Quick and dirty malloc() support for realpath.
Mike Frysinger
vapier at gentoo.org
Wed Oct 28 07:41:34 UTC 2009
On Tuesday 27 October 2009 13:46:19 Chris Gray wrote:
> On Tuesday 27 October 2009 08:54:50 Ricard Wanderlof wrote:
> > It can produce more readable, less error-prone C code though. We use
> > hardware register definitions such as
> >
> > typedef struct {
> > unsigned int x : 8;
> > unsigned int y : 8;
> > unsigned int control_bit : 1;
> > unsigned int dummy1 : 15;
> > } reg_foo;
> >
> > at great length for the C definitions for the registers in our chips, and
> > it really does avoid nasty errors that crop up when using shifting and
> > masking.
>
> I gave up on bitfields the day I ran something like that through two
> compilers and one decided that x was "obviously" the high-order byte of
> the word and the other decided it was "obviously" the low-order one. Oh
> yes and they made opposite decisions about signedness too, but at least
> you can control that (as in your example). So now I just write little
> inlined functions or macros to do the manipulations.
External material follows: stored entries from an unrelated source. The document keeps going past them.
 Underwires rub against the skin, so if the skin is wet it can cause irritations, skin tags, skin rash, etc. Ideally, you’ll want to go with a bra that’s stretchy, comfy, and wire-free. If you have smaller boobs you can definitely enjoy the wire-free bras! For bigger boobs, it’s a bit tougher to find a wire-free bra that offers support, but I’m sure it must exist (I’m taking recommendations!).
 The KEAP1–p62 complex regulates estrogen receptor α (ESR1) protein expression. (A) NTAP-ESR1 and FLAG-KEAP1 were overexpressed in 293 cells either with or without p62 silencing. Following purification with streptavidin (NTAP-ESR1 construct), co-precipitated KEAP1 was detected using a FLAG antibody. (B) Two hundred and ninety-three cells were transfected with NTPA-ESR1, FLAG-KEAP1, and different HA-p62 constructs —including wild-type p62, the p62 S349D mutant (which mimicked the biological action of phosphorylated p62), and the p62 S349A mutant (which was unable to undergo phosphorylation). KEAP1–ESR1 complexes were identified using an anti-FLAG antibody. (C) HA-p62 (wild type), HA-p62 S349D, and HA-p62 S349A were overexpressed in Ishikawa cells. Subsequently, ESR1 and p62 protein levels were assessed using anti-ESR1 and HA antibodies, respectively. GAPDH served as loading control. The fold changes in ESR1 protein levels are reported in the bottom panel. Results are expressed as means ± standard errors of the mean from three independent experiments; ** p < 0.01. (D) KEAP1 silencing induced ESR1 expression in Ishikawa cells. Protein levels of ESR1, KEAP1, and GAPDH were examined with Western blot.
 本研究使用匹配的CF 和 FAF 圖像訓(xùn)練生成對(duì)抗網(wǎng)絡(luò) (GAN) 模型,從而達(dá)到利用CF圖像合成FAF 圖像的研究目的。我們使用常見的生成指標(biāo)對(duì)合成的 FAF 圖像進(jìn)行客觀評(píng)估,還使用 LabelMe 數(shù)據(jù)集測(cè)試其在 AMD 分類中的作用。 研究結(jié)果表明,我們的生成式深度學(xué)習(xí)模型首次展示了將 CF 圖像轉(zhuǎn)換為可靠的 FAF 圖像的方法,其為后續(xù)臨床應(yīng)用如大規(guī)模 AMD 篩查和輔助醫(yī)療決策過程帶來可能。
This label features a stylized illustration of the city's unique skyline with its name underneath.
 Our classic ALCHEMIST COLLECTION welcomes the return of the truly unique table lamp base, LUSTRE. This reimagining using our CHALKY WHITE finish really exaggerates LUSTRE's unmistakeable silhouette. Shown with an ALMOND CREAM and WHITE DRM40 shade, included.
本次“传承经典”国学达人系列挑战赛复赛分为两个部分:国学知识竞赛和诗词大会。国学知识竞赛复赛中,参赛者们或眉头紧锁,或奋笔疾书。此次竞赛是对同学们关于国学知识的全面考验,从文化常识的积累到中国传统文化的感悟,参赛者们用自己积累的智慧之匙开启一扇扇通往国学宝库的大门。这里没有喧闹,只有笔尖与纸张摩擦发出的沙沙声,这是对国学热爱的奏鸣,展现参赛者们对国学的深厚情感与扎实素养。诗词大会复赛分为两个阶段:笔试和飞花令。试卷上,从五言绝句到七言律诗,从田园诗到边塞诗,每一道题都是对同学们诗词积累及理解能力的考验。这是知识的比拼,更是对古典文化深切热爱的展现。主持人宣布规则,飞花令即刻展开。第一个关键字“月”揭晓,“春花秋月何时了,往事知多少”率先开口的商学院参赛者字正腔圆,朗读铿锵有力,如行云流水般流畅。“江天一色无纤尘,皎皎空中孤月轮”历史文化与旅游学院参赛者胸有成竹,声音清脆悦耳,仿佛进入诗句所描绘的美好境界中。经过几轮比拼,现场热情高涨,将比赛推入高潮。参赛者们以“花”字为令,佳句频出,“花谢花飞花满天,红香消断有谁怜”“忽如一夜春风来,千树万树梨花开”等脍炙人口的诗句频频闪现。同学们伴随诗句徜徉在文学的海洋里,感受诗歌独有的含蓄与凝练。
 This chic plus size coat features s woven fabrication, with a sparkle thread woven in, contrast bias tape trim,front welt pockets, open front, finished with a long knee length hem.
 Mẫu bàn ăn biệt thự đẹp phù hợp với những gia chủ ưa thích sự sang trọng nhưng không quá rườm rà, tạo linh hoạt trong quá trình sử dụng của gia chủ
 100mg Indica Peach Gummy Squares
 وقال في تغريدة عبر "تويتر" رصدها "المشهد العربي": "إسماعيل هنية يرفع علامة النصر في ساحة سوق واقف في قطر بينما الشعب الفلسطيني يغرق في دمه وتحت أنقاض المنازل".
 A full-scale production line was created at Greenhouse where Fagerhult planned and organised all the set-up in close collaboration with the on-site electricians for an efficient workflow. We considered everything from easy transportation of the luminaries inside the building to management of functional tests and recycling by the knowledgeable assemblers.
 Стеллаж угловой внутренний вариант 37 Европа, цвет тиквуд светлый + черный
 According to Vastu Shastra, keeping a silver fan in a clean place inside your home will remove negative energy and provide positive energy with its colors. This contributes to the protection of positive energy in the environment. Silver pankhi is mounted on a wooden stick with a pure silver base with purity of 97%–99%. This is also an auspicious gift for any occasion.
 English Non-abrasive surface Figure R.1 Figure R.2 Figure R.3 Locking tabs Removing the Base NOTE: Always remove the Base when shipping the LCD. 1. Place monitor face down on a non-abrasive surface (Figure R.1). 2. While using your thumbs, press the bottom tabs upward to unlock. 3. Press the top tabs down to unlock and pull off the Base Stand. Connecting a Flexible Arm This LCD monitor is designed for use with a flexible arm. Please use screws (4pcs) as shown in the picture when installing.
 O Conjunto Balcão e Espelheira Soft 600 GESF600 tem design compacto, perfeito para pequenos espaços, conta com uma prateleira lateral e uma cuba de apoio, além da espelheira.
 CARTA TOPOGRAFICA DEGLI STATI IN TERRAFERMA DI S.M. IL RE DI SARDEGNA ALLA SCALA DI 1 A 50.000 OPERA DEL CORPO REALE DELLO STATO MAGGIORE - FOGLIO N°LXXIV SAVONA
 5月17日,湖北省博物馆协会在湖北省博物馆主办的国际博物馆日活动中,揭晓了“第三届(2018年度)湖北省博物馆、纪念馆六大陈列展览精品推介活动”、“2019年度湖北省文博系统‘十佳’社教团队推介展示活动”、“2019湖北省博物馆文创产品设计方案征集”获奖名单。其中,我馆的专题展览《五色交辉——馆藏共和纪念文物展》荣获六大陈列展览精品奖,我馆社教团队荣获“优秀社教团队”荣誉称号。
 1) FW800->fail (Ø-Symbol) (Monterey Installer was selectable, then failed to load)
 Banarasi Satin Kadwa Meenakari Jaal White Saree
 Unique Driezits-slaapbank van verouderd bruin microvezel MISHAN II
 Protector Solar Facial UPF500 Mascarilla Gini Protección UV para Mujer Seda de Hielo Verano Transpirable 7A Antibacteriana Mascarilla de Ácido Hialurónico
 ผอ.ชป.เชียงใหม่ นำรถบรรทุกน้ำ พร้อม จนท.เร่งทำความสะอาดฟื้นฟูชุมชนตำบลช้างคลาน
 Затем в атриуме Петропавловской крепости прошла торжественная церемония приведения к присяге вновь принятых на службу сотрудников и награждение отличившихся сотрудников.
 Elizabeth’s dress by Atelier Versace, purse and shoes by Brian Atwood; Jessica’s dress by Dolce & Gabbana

since i dont know the exact issue with the compilers in question (endianness
maybe ?), i dont think those drawbacks are applicable to Ricard's usage.
doing bit fields for a specific platform means your code is constrained to
that platform, so portability isnt a real concern. we do similar things for
hardware registers for the same reasons Ricard's cites.